55 Wohnungen an der Adam-Riese-Straße umfasst die Genossenschaft. Jetzt ist sie zahlungsunfähig, sagt ihr Vorstand. Die Zukunft ist ungewiss.
WohngenossenschaftVorzeigeprojekt in der Bahnstadt Opladen ist in existenzieller Gefahr
Das Karree an der Adam-Riese-Straße in der Neuen Bahnstadt ist ein beispielhaftes Projekt. Ein Gemeinschaftsraum und 54 Wohnungen, die Hälfte von ihnen öffentlich gefördert. Mieten bei rund sieben Euro pro Quadratmeter, 9,20 Euro dort, wo es keine staatlichen Kredite gab. „Wir haben hier Junge und Alte, Arme und Reiche“, skizzierte es Guido Jürgensen am Freitag. Er sitzt im Vorstand der Nutzergenossenschaft Neue Bahnstadt Opladen (NgNBsO), die das alles ab 2015 auf die Beine gestellt hat.

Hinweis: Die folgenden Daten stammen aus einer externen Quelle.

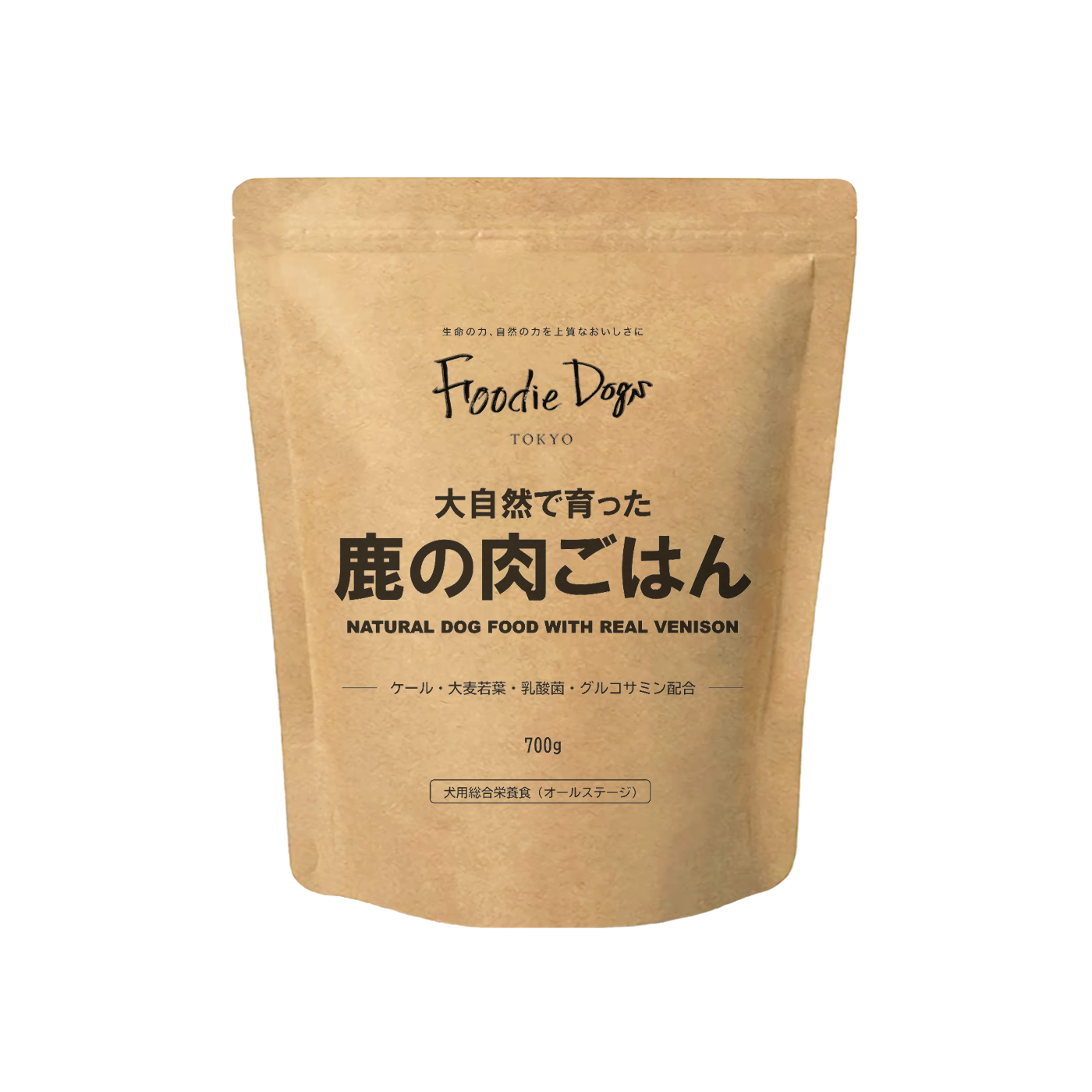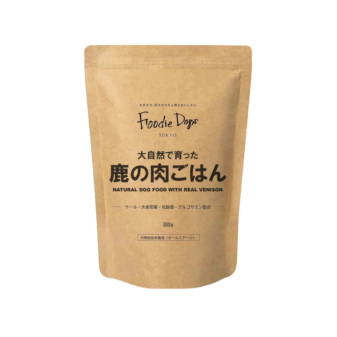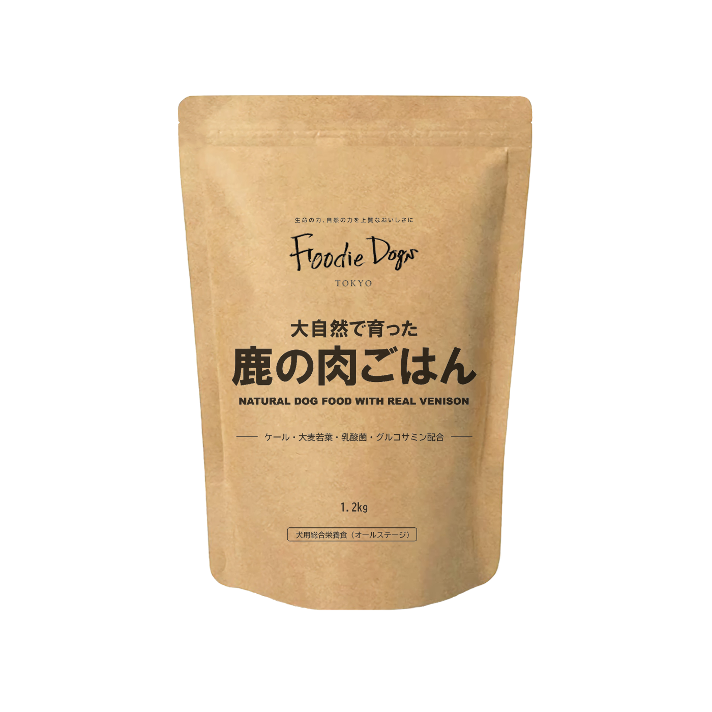 原材料:鹿肉、大麦、玄米、鰹節、ビール酵母、ラード、卵黄粉末、米油、コラーゲンペプチド、昆布、れんこん、さつまいも、にんじん、ブロッコリー、ケール、大麦若葉、乳酸菌、セレン酵母、グルコサミン、L-トレオニン、 ミネラル類(リン酸三カルシウム、卵殻未焼成カルシウム、塩化ナトリウム、塩化カリウム、グルコン酸亜鉛、ピロリン酸第二鉄、グルコン酸銅)、ビタミン類(ビタミンA、ビタミンD、ビタミンE、ビタミンB2、ビタミンB12、パントテン酸カルシウム)、酸化防止剤(ローズマリー抽出物、ミックストコフェロール)

Er muss bald einen ganz schweren Gang antreten: „Wir werden einen Insolvenzantrag stellen. Die Genossenschaft ist zahlungsunfähig“, sagte der Kaufmann. Ob das kommende Woche geschehe oder erst nach Pfingsten, stehe noch nicht fest. Aber der Zeitpunkt ist auch nicht das Entscheidende.
Leverkusen: Der GBO kann die Sache nicht retten
Den Anlass dazu, die Reißleine zu ziehen, lieferte – wohl oder übel – am Ende der Gemeinnützige Bauverein Opladen. Lange stand in Rede, die Nutzergenossenschaft Neue Bahnstadt Opladen im GBO aufgehen zu lassen. Die ausweislich der letzten Bilanz rund neun Millionen Euro an ausstehenden Krediten wären weiter bedient worden, die Bewohner-Struktur wäre geblieben, wie sie ist. „Wir haben das solide geprüft“, sagte am Freitag GBO-Vorständin Meral Tosun dem „Leverkusener Anzeiger“. Aber wegen der immens steigenden Zinsen komme eine Übernahme der NgNBsO derzeit nicht infrage.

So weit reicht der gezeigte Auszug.